[EXERCISE DATA]

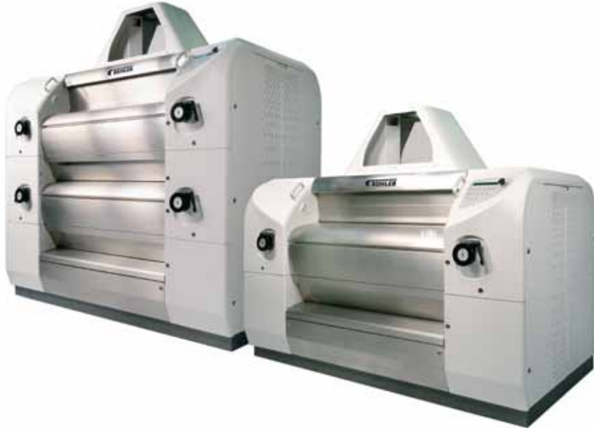
Antares Four and Eight Roller Mill MDDR and MDDT.

Rolls are the flour miller's most important tool. They have a direct influence on the flour extraction rate and on the quality of the end product. But rolls are wear parts requiring regular maintenance.
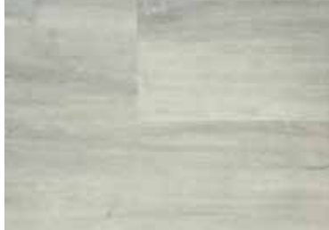
Paronella Oak SUM4912SP

WATER PROOF FAMILY PROOF FADE RESISTANT HEAT RESISTANT
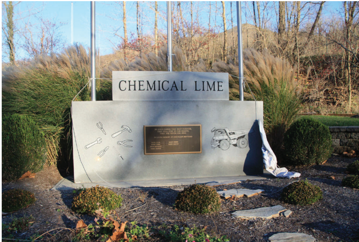
APG Lime Corp Plant #1 (035-5124), 2093 Big Stony Creek Road (Route 635), Memorial, View East
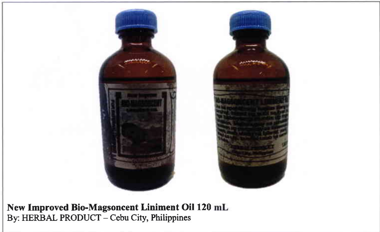
Figure 7. Unregistered drug product
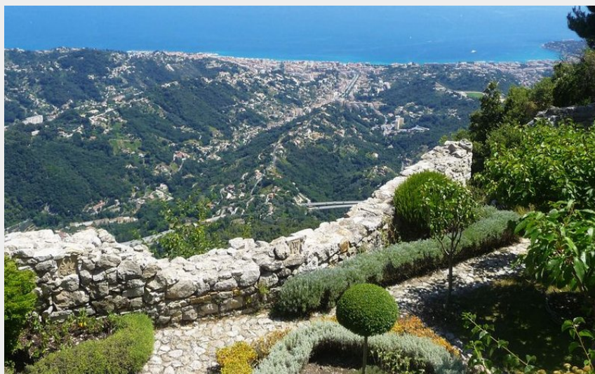
Randonnée balcon d'Azur. Jardin médiéval de Sainte-Agnès.
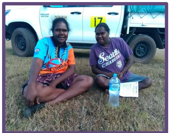
Two mothers talking about ARF
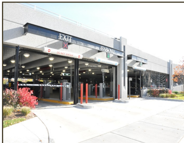
Parking structure southbound Main St

PARK AND RIDE - You can park and ride a shuttle bus through Mount Clemens Dial a Ride for $1 each way that will drop you off on North Main Street between the Court and County Buildings. The shuttle bus parking lot is located on North River Road (across from "Clinton River Cruises").
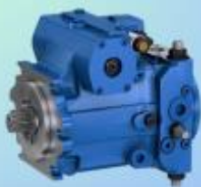
HYDRAULIC PISTON PUMP
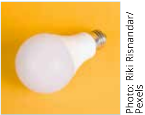
Low energy lighting. LEDs are 70% more efficient than traditional light bulbs.
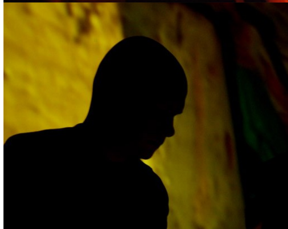
Live at CC Luchtbal, Antwerpen, Belgium
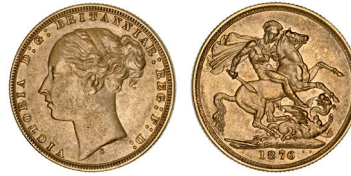
1968* Queen Victoria, 1876 Sydney. Nearly extremely fine.
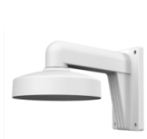
DS-1473ZJ-135 Wall Mount
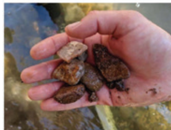
Photo 14 – Removed from bank indicative of pre-settlement floodplain conditions.
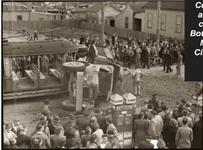
Coal truck and tram collide - Botany Road Mascot. Circa early 1940s

[/EXERCISE DATA]

WHAT TO WORK ON. In the material above, find every line with the word "Road" and show it.

FINAL ANSWER.
APG Lime Corp Plant #1 (035-5124), 2093 Big Stony Creek Road (Route 635), Memorial, View East
PARK AND RIDE - You can park and ride a shuttle bus through Mount Clemens Dial a Ride for $1 each way that will drop you off on North Main Street between the Court and County Buildings. The shuttle bus parking lot is located on North River Road (across from "Clinton River Cruises").
Coal truck and tram collide - Botany Road Mascot. Circa early 1940s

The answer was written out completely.